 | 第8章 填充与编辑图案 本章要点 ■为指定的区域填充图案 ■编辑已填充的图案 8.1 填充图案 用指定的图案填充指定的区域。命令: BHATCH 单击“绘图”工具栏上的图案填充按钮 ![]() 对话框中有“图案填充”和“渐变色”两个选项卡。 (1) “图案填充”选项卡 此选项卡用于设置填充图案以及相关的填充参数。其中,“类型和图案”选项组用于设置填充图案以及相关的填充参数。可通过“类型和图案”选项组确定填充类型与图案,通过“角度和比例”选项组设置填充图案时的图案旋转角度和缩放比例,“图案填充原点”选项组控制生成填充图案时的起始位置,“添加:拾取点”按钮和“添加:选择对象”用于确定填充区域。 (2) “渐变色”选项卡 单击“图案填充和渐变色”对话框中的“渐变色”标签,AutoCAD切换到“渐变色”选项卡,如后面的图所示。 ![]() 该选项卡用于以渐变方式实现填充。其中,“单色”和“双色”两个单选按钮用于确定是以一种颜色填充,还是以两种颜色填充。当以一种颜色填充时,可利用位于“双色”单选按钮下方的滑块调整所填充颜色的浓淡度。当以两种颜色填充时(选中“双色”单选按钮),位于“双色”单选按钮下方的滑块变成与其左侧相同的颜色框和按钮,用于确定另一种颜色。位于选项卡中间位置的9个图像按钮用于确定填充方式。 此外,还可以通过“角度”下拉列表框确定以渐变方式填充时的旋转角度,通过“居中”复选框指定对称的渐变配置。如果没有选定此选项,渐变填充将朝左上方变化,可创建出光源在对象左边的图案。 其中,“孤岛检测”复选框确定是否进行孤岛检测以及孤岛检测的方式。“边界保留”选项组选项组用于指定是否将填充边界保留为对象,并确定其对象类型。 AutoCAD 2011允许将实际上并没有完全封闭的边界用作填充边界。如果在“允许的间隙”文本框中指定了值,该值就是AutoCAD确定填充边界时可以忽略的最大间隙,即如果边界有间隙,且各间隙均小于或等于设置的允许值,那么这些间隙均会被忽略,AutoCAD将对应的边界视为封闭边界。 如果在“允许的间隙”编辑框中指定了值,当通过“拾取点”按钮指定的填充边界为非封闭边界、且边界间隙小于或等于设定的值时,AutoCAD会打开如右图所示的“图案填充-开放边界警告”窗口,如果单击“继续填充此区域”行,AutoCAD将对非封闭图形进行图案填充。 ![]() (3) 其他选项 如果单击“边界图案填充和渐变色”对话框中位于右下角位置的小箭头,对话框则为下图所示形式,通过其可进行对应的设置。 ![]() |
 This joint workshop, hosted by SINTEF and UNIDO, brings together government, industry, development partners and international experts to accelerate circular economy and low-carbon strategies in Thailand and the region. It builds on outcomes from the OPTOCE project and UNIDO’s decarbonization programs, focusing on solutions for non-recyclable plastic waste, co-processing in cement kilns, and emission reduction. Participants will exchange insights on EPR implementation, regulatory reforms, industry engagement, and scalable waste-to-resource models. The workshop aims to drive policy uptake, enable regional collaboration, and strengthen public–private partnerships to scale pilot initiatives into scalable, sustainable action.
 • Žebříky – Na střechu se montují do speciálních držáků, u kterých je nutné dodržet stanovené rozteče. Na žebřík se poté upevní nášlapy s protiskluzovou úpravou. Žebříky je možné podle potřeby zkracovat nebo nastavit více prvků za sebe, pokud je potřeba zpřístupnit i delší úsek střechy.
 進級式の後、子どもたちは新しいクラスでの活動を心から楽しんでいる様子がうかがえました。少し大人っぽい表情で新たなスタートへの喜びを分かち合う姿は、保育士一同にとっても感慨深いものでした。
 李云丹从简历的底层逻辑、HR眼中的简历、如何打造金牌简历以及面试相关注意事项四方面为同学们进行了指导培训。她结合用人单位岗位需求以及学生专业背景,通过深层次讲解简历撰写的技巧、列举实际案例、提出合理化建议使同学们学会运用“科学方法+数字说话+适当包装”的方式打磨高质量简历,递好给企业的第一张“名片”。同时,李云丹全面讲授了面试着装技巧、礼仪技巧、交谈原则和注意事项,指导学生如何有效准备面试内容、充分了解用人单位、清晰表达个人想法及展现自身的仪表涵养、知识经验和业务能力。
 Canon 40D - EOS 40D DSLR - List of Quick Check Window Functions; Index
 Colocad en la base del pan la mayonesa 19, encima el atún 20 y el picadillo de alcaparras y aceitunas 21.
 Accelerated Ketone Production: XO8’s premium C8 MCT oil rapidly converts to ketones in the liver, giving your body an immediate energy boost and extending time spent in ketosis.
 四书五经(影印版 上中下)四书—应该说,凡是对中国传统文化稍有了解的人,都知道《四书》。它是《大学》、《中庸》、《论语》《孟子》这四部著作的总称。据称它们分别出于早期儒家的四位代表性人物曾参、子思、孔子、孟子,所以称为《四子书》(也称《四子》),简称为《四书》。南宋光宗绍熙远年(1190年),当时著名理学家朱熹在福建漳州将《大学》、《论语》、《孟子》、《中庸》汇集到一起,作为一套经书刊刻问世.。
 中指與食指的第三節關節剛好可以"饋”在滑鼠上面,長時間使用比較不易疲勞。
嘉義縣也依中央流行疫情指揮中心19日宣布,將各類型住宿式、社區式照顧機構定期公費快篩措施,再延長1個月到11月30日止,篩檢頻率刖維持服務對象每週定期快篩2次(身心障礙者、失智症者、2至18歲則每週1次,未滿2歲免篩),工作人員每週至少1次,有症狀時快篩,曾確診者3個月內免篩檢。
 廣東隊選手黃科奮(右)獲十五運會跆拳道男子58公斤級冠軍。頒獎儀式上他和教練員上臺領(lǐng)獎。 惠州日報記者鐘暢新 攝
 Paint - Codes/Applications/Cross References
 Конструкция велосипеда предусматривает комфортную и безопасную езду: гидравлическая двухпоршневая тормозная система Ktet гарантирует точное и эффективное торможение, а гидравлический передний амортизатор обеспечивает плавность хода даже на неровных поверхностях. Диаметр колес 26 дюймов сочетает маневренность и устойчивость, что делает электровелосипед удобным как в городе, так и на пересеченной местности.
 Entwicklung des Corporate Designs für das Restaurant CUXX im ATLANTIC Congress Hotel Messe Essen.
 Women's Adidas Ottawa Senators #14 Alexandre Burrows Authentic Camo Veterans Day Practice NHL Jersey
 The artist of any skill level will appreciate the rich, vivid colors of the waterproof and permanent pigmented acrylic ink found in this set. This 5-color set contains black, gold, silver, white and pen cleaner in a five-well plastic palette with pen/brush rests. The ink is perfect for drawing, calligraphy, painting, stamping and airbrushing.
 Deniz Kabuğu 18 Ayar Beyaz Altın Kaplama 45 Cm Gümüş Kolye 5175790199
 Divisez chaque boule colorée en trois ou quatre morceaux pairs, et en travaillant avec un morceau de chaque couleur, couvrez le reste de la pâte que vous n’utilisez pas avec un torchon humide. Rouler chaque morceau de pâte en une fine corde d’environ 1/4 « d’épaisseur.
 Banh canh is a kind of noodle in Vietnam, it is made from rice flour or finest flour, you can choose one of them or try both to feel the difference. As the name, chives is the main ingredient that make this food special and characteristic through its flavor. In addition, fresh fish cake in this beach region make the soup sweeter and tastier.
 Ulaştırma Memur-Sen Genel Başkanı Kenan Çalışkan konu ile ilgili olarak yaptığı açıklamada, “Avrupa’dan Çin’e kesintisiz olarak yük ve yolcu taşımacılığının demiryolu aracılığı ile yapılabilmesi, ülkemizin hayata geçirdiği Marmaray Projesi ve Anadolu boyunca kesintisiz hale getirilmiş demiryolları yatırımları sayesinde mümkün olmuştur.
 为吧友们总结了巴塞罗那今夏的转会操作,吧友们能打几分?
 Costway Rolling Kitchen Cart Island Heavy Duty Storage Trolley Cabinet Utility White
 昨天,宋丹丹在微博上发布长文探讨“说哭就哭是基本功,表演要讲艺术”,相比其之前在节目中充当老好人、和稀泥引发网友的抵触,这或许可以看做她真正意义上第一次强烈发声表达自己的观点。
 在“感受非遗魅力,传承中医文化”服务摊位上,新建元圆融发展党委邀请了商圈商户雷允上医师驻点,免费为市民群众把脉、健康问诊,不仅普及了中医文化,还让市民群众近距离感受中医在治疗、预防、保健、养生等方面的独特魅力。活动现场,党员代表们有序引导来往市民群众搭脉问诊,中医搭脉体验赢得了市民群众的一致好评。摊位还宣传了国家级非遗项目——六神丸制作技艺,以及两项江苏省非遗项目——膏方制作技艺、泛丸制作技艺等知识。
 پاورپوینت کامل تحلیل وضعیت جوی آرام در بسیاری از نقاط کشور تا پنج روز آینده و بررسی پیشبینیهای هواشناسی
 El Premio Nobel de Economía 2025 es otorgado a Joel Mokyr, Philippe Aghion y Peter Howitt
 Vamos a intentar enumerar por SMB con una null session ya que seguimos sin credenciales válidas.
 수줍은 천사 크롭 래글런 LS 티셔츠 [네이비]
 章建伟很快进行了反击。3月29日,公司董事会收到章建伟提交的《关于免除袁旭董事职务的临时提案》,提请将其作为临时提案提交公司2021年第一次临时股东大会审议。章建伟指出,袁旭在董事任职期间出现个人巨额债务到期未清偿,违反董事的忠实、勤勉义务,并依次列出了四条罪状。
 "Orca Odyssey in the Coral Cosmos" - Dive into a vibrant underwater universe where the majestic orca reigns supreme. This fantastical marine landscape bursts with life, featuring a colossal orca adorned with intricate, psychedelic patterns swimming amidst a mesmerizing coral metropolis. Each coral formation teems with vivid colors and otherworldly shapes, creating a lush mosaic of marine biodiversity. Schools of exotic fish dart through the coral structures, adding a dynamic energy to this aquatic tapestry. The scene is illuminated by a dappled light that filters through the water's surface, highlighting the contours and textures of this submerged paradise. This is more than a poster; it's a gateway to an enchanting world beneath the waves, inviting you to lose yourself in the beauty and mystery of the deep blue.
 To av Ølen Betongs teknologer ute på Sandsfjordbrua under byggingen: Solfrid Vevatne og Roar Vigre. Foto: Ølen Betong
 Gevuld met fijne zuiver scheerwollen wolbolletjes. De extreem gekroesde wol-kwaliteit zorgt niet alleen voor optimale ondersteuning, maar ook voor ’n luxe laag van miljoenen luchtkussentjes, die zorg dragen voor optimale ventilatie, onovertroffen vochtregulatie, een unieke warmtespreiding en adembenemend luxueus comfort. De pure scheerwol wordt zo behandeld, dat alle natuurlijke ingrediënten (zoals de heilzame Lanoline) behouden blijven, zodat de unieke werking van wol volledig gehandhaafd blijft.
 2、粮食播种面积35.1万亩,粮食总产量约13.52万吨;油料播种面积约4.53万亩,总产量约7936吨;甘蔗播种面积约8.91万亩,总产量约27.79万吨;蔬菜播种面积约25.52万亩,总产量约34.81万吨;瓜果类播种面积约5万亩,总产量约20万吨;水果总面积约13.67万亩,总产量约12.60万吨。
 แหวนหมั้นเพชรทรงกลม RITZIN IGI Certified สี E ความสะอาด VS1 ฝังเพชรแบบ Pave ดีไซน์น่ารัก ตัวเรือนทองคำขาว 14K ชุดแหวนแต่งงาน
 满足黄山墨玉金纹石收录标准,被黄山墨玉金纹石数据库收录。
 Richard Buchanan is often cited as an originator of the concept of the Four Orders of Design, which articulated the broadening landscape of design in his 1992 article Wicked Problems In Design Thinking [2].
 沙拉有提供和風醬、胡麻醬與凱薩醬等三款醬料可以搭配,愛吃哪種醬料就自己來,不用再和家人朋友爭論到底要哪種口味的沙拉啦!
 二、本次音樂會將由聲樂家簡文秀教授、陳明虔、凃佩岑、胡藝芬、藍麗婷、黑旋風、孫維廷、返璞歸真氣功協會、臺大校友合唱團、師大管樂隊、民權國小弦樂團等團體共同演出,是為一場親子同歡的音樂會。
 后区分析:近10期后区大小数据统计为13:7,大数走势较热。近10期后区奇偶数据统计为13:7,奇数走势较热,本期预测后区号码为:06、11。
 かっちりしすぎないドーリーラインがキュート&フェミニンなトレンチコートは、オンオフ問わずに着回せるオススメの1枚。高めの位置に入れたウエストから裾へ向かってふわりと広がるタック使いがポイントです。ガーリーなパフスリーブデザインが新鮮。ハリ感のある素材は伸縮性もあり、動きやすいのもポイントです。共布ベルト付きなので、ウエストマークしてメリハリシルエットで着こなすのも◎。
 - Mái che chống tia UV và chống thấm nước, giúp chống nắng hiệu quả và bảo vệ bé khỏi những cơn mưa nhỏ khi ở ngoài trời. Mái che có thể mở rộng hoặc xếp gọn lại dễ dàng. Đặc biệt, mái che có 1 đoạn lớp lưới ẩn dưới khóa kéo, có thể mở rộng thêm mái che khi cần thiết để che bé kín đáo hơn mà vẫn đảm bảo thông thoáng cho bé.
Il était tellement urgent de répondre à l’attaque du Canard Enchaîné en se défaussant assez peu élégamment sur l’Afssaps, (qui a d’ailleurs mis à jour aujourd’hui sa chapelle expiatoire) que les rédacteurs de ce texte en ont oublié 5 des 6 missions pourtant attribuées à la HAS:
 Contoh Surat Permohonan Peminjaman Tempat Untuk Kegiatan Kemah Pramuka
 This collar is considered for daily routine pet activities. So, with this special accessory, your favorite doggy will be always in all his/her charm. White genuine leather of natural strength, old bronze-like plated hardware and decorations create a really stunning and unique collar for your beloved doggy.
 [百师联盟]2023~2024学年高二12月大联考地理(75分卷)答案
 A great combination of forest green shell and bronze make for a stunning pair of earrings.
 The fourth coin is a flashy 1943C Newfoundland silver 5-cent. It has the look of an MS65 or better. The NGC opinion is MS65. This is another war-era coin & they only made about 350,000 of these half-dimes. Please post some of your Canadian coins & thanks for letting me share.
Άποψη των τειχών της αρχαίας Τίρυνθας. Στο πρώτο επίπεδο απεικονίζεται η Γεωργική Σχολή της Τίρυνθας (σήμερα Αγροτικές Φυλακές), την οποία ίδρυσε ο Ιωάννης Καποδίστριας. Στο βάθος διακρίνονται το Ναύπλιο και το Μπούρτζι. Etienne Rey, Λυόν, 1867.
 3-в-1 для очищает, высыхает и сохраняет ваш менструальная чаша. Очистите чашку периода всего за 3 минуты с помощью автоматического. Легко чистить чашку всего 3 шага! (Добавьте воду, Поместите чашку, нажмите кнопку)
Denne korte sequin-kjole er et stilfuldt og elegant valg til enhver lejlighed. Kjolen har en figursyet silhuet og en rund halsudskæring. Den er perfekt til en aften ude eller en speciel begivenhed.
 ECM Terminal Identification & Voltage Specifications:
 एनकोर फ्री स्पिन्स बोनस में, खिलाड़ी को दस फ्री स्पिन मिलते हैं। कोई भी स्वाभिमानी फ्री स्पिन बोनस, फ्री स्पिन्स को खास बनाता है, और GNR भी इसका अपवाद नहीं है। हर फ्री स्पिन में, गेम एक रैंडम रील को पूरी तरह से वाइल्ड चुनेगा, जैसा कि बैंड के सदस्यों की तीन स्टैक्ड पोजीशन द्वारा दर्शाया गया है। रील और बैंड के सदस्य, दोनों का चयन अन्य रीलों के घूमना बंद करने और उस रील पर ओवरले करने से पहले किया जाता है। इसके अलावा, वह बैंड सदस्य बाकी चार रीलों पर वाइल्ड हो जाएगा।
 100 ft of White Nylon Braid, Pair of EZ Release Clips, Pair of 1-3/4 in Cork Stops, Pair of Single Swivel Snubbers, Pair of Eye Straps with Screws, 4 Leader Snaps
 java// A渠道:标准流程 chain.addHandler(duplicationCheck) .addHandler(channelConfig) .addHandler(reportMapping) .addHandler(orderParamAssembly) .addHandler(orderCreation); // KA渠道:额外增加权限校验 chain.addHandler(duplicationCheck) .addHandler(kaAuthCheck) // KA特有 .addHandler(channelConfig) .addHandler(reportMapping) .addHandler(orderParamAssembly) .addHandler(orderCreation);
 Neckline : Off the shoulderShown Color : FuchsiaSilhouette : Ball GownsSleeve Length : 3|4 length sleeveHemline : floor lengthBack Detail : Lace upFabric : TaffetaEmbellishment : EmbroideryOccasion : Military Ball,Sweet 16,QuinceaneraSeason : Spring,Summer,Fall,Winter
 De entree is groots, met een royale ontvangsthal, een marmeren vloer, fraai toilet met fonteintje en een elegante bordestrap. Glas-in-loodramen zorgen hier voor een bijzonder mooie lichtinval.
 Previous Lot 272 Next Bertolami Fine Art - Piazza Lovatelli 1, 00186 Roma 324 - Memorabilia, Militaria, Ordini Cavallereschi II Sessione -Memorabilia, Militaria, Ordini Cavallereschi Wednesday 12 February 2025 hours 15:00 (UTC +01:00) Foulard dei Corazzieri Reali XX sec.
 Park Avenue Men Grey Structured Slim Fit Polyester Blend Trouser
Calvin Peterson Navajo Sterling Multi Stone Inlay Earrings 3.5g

> [TASK INSTRUCTIONS] Where the listing above reaches the line that contains "2、粮食播种面积35.1万亩", start retyping, and finish with the line that contains "满足黄山墨玉金纹石收录标准,被黄山墨玉金纹石数据库收录。"; reproduce those lines exactly and no others.

> [WRITTEN ANSWER]
 2、粮食播种面积35.1万亩,粮食总产量约13.52万吨;油料播种面积约4.53万亩,总产量约7936吨;甘蔗播种面积约8.91万亩,总产量约27.79万吨;蔬菜播种面积约25.52万亩,总产量约34.81万吨;瓜果类播种面积约5万亩,总产量约20万吨;水果总面积约13.67万亩,总产量约12.60万吨。
 แหวนหมั้นเพชรทรงกลม RITZIN IGI Certified สี E ความสะอาด VS1 ฝังเพชรแบบ Pave ดีไซน์น่ารัก ตัวเรือนทองคำขาว 14K ชุดแหวนแต่งงาน
 满足黄山墨玉金纹石收录标准,被黄山墨玉金纹石数据库收录。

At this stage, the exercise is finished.